**SUPPLIED DATA:**
Content starts
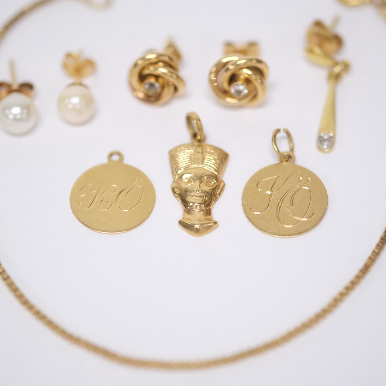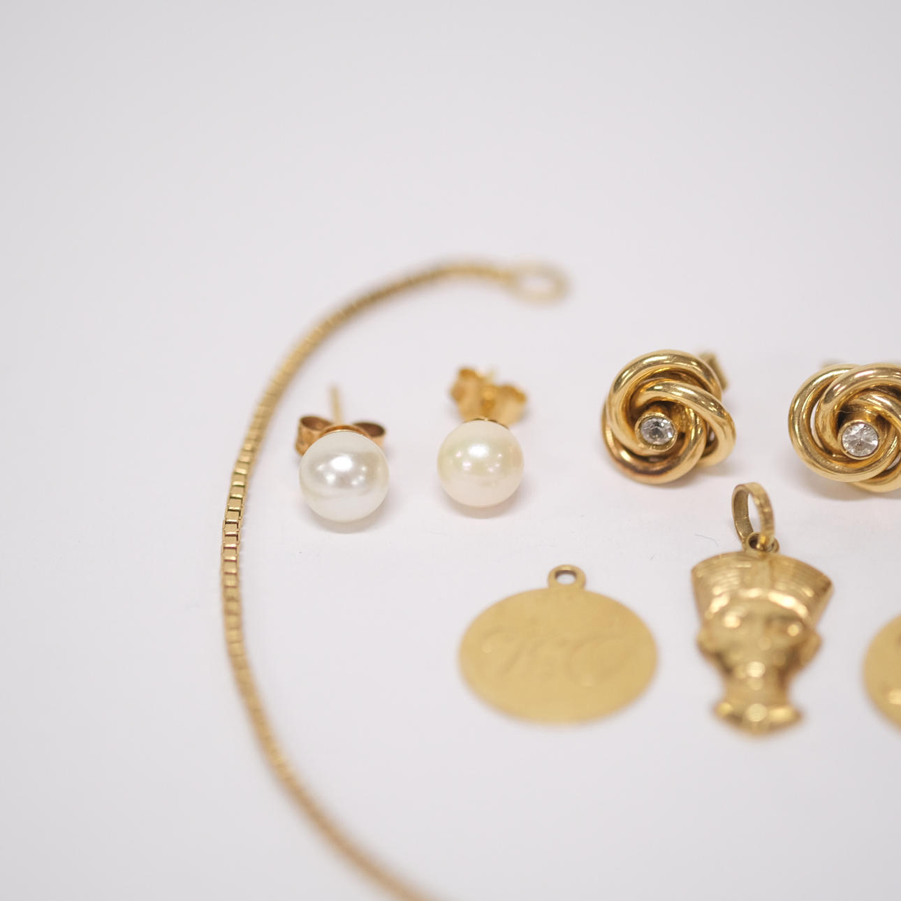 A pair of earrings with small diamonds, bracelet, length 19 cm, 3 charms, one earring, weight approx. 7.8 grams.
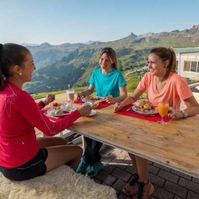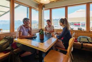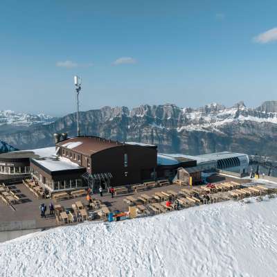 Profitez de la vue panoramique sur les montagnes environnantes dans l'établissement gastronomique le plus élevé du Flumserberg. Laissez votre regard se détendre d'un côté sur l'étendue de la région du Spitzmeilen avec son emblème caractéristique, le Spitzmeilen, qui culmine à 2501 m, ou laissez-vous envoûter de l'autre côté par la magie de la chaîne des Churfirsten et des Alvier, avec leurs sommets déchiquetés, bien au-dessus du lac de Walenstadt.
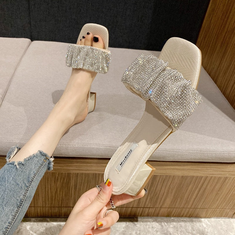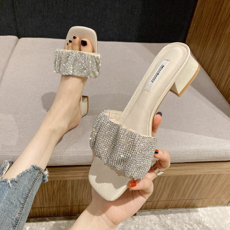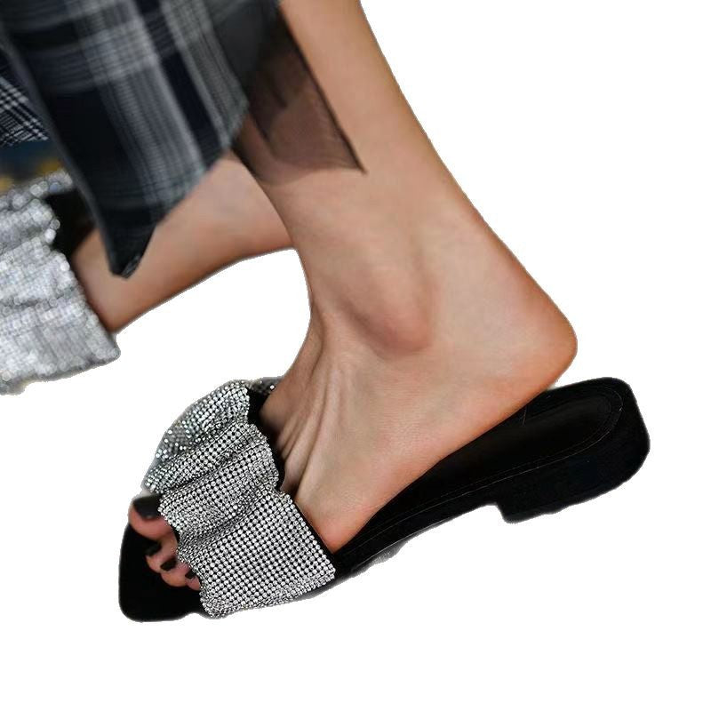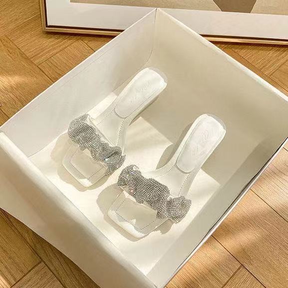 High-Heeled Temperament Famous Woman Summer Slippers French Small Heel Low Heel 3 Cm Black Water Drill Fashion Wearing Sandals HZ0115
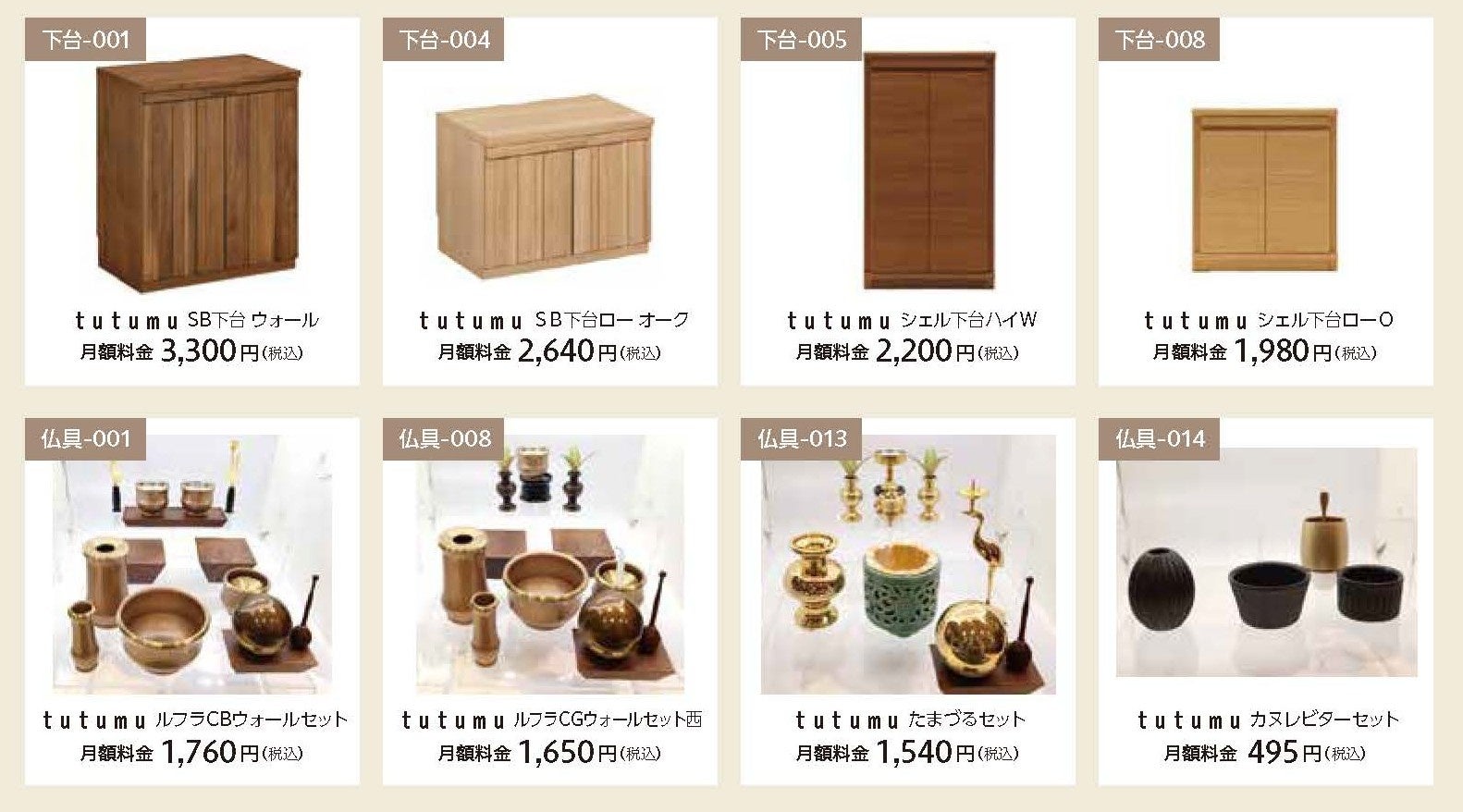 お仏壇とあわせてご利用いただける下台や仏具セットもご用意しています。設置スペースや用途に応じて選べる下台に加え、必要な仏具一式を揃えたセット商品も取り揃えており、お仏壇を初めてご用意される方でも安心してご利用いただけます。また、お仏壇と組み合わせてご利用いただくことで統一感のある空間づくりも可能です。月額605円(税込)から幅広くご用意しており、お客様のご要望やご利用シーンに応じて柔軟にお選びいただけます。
Content ends
Content starts
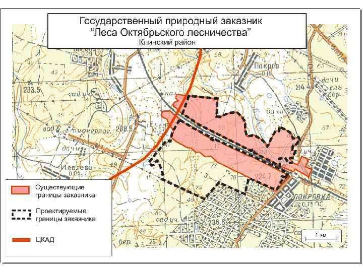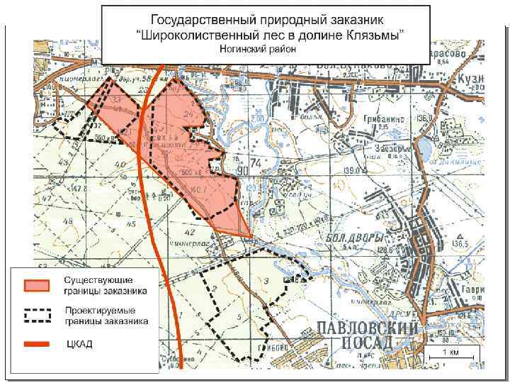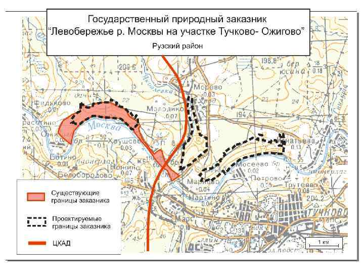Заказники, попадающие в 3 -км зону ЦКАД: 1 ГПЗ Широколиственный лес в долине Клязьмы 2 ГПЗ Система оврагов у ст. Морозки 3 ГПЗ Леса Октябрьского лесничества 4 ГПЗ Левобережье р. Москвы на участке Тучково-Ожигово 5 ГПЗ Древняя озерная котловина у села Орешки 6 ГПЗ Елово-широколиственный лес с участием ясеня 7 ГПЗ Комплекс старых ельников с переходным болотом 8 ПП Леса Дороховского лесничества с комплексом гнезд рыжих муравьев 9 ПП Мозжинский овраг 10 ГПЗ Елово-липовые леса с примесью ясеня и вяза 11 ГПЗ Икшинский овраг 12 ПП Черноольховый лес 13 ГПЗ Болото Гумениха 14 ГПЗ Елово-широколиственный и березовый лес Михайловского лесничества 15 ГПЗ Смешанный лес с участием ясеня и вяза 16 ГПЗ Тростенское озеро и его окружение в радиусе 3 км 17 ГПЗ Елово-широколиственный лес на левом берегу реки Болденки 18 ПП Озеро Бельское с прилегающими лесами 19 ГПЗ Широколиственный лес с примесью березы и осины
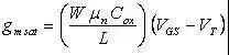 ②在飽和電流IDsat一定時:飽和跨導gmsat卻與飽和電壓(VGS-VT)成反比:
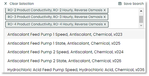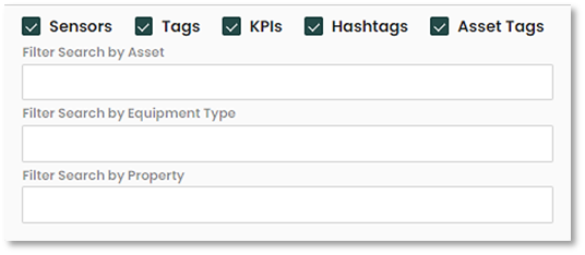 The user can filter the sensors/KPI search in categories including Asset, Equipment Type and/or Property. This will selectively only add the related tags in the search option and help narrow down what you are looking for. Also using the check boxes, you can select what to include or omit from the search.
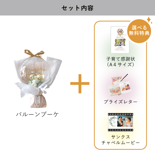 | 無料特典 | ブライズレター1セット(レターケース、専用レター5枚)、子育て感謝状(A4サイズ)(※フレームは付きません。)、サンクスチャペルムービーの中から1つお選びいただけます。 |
Content ends
Extract, without any images, the part of the material above that opens with the line containing "High-Heeled Temperament Famous" and closes with the line containing "お仏壇とあわせてご利用いただ", both lines included.

**EXERCISE ANSWER:**
 High-Heeled Temperament Famous Woman Summer Slippers French Small Heel Low Heel 3 Cm Black Water Drill Fashion Wearing Sandals HZ0115
 お仏壇とあわせてご利用いただける下台や仏具セットもご用意しています。設置スペースや用途に応じて選べる下台に加え、必要な仏具一式を揃えたセット商品も取り揃えており、お仏壇を初めてご用意される方でも安心してご利用いただけます。また、お仏壇と組み合わせてご利用いただくことで統一感のある空間づくりも可能です。月額605円(税込)から幅広くご用意しており、お客様のご要望やご利用シーンに応じて柔軟にお選びいただけます。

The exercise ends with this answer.